The poster began to fade on a trip the couple took to Cyprus in June 2016 for a student wedding. Mr. Kammer, who developed a mysterious infection, was taken to hospital his first night there with a potentially fatal case of septic shock. To avoid complications about whether she was legally allowed to sit at his bedside, he told a nurse that she was his wife.
Adopting this address for real—she proposed in their new bedroom in Rochelle weeks after he had recovered from the infection, he thought about it a few days, then agreed—was a way of protection against future disasters that might separate them because of vague rules about illegality. partnership.
Still, the decision explodes with bouts of regret. “It bothered me,” she said. “I felt like I was betraying this moral position I’ve had for years about government involvement in my personal life.” She said the interns, who found inspiration in her choice to commit without the papers, were disappointed. “But I think, 25 years later, I’ve made up my mind.”
Six years later, Dr. Cox said, the marriage is “an extension of who we were”. Mr. Kammer added, “We depend on each other and expect safety from each other’s presence.” Married or not, they love each other’s company.
Twice a week, despite grueling work schedules, they make time to have dinner together. Dates are rare, but meaningful. Last year, for example, they saw the revival of the Stephen Sondheim musical “The Company” on Broadway. This helped crystallize Mr. Kamer’s feelings about the relationship. “We don’t have the sarcastic inconsistency and obsessive second-guessing of Sondheim’s characters,” he said. “We are happy together without ifs and buts.”
“I still find it weird to say ‘my wife,’” Kammer said. “After 25 years of always trying to figure out what’s the right thing to say — a partner? Paramore? pair equivalent? – “Wife” should be simple. But my mind stopped. I find it strange.” Although they now introduce each other as husband or wife, Dr. Cox also struggles with the title. “It is strange to say he is my husband after so many years of not doing so,” she said.
Their eldest daughter, Rachel Cox-Kammer, now a graduate student in body-mind medicine at Saybrook University, never cared what her parents called each other. But she and her sister, bridesmaids at the 2017 wedding, were thrilled when her parents finally got married. Not that they always wanted their mother to be a “lady” like the mothers of their friends, or to present their father as her husband. For them, it was about the occasion.

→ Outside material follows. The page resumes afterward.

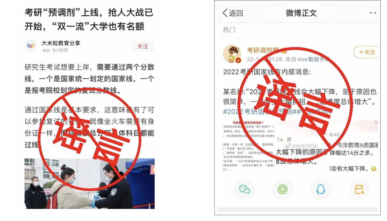 研招网及教育部列出了17个不实信息的标题及来源,具体如下:

“My mom and I used to watch a lot of rom-coms, and they have a lot of wedding scenes,” said Ms. Cox-Kammer of Peekskill, New York. Don’t want to get married Clothes shopping will be so much fun. We have always respected their decision not to marry. You can always see their love for each other.”
However, Rachel is not going to follow in her parents’ footsteps. “I knew I wanted to get married at a young age,” she said. In October, she and her partner will marry at Candlewood Lake in Brookfield, Connecticut. The couple met four years ago; They’ve been planning their wedding since August 2021. “We wanted a half-long engagement so we could perfect every detail.”
Mr. Kamer was not thrilled at the news of the engagement. “It’s not our way of doing things,” he said. “But we enjoy seeing our children find their way to happiness.” Dr. Cox said she knows her unorthodox path isn’t for everyone, and she’s happy for Rachel. Both said they support their daughter and will be there to celebrate, perhaps wiping away a few happy tears when the couple announce their marriage.
“It will have all the bells and whistles, and I’ve dreamed of doing that for a long time,” said Dr. Cox. This is fine with her parents. “It’s going to be a great party,” said Dr. Cox.